Au-delà des aspects légaux, la confiance suscitée et maintenue entre les citoyens d’un Etat reste un ciment nécessaire au succès de tout projet commun : confiance dans les institutions, confiance dans le système judiciaire, confiance dans système législatif, confiance dans le gouvernement qui exerce la souveraineté au quotidien. La confiance peut-être assurée si les citoyens réalisent que les changements positifs effectués sont irréversibles. La situation sociopolitique récente de la Côte d’Ivoire semble requérir les changements suivants : (i) la mise en oeuvre des reformes institutionnelles adoptees par le referendum de 2000; (ii) une clarification de la politique de decentralisation; (iii) et la moralisation de la l’administration publique.

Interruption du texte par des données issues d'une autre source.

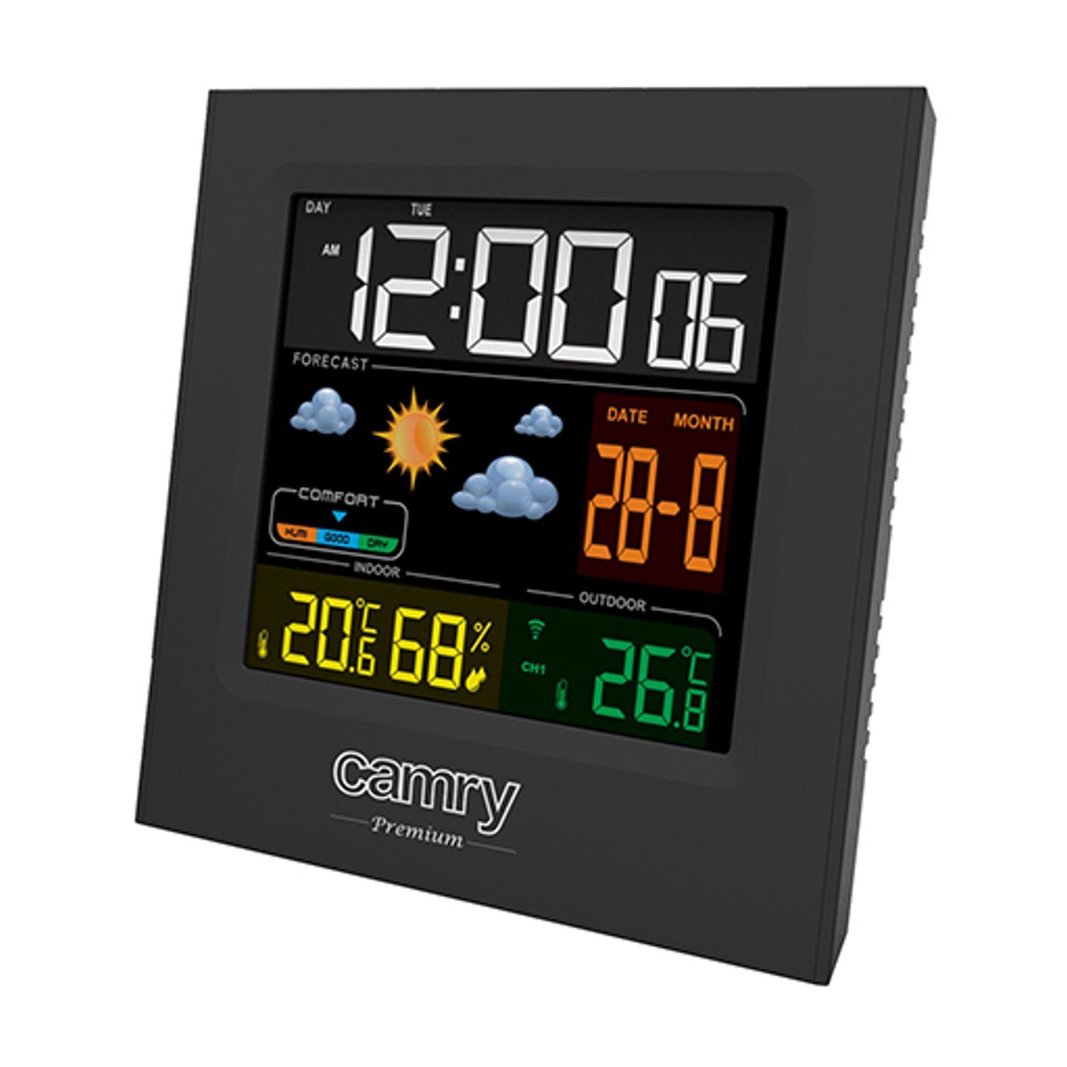 Die Wetterstation verfügt über eine Anzeige welcher die Temperatur im Raum- sowie im Außenbereich als auch Luftfeuchtigkeit angibt. Im Set befindet sich ein Sensor für die Messung der Außentemperaturwerte. Das schwarze Gehäuse und das bunte Display tragen zum bequemen Lesen der Werte sogar am Abend oder in der Nacht bei. Außerdem verfügt die Wetterstation über Funktionen wie Wettervorhersage, eine Uhr, Wecker und sowie die Datumsanzeige.

i) Tout d’abord, la mise en œuvre des réformes institutionnelles incluses dans la nouvelle constitution. Le financement de ces reformes pourrait se faire en collaboration avec la Banque Mondiale et l’Union Européenne qui ont des lignes de crédit destinées aux reformes institutionnelles des pays en développement. Cette mesure mettra à la disposition des ivoiriens des institutions plus dignes de confiance (car l’émanation de la nouvelle constitution votée majoritairement) et surtout irréversible du fait de l’ancrage avec certaine institutions internationales.

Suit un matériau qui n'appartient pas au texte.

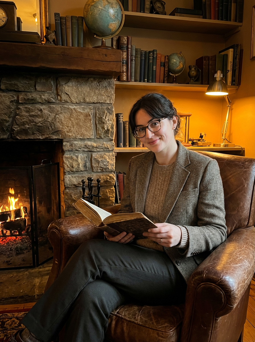 model reading in dark academia setting, leather armchair, fireplace glow, warm amber lighting, cozy intellectual vibe
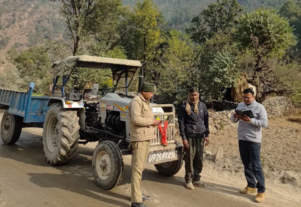 जनपद चमोली के अंतर्गत नंदा नगर घाट रोड पर अवैध तरीके से चल रहे ट्रैक्टर पर कर्णप्रयाग आईटीओ द्वारा ट्रैक्टर को सीज किया गया ट्रैक्टर किसानी के कार्यो हेतु उपयोग किया जाना था परंतु UP नम्बर का ट्रैक्टर व्यवसायिक कार्यों के लिए उपयोग किया जा रहा इसका रजिस्ट्रेशन भी एग्रीकल्चर उपयोग के लिए किया गया था यह अवैध तरीके से चल रहा था इसकी सूचना स्थानीय व्यक्तियों द्वारा दी गई शिकायत का सज्ञान त्वरित लिया गया R.T.O कर्णप्रयाग द्वारा अवगत करवाया गया है कि किसानी के लिए उपयोग आने जाने वाले ट्रैक्टरों से व्यवसायिक कार्य नहीं किया जा सकता है जिनके द्वारा इस प्रकार कार्य किया जाता उन पर परिवाहन नियमों के तह कारवाई की जाएगी जिस ट्रैक्टर को नन्दानगर घाट रोड से पकड़ा गया उसके काग़ज़ों कि जाँच कि गयी जिसमें गड़बड़ी पाई गई नियमों के तह चालान किया गया है और गाड़ी ट्रॉली के साथ सीज गई है!
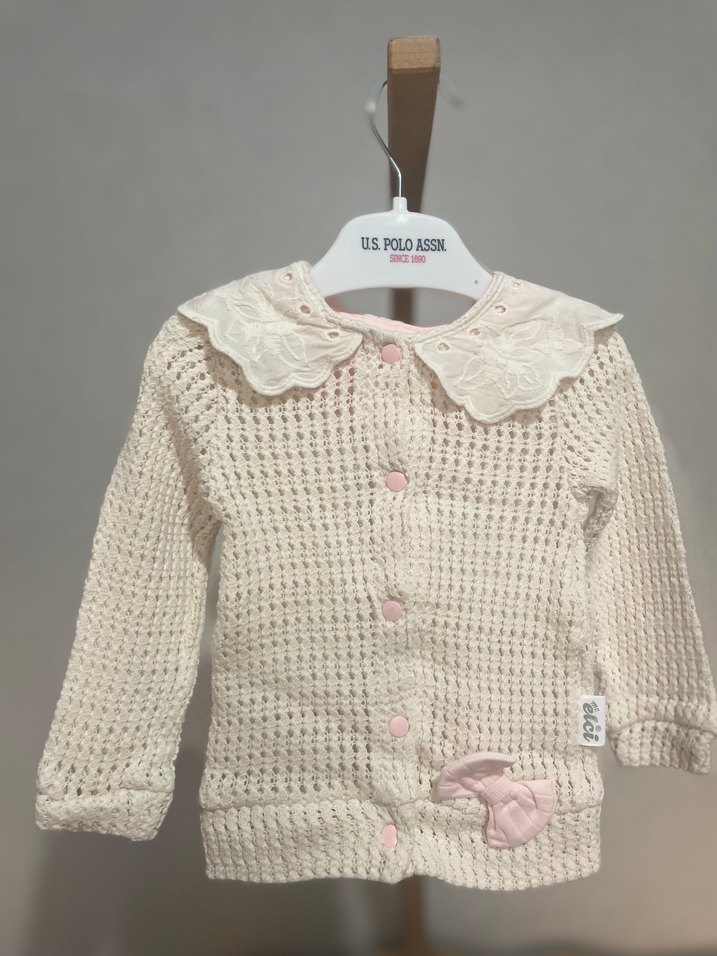 Krem renkli, uzun kollu, yuvarlak yaka örgü kız hırka. Nakış detayları ve pembe düğmeleriyle modern klasik tarzda, hiç kullanılmadı sadece yıkandı

ii)  Ensuite, il faudrait accompagner le processus de décentralisation en clarifiant et diversifiant les sources de financement par le développement d’une fiscalité des régions compatible avec la fiscalité nationale, par le développement de projets avec les institutions multilatérales ayant des lignes de crédit destinées à appuyer les processus de décentralisation des pays en développement, par la promotion de jumelages Nord-Sud entre villes, départements et régions et l’implication de la diaspora ivoirienne en établissant et opérationnalisant un Bureau des Ivoiriens de l’Etranger. Cette mesure mettra à la disposition des conseils généraux des fonds en plus de la dotation du budget de l’Etat pour mener à bien les projets de développement régional.

iii) Enfin, il faudrait moraliser l’administration publique, la police nationale et la gendarmerie en luttant effectivement contre le racket et la corruption sous toutes ses formes par la création d’un Observatoire des Mauvaises Pratiques au pouvoir de sanction réel qui sera aussi chargé de la lutte anti-corruption. Cette mesure restaurera la confiance des citoyens en l’administration publique et aux gouvernants et réduira les distorsions de redistribution induites par la corruption.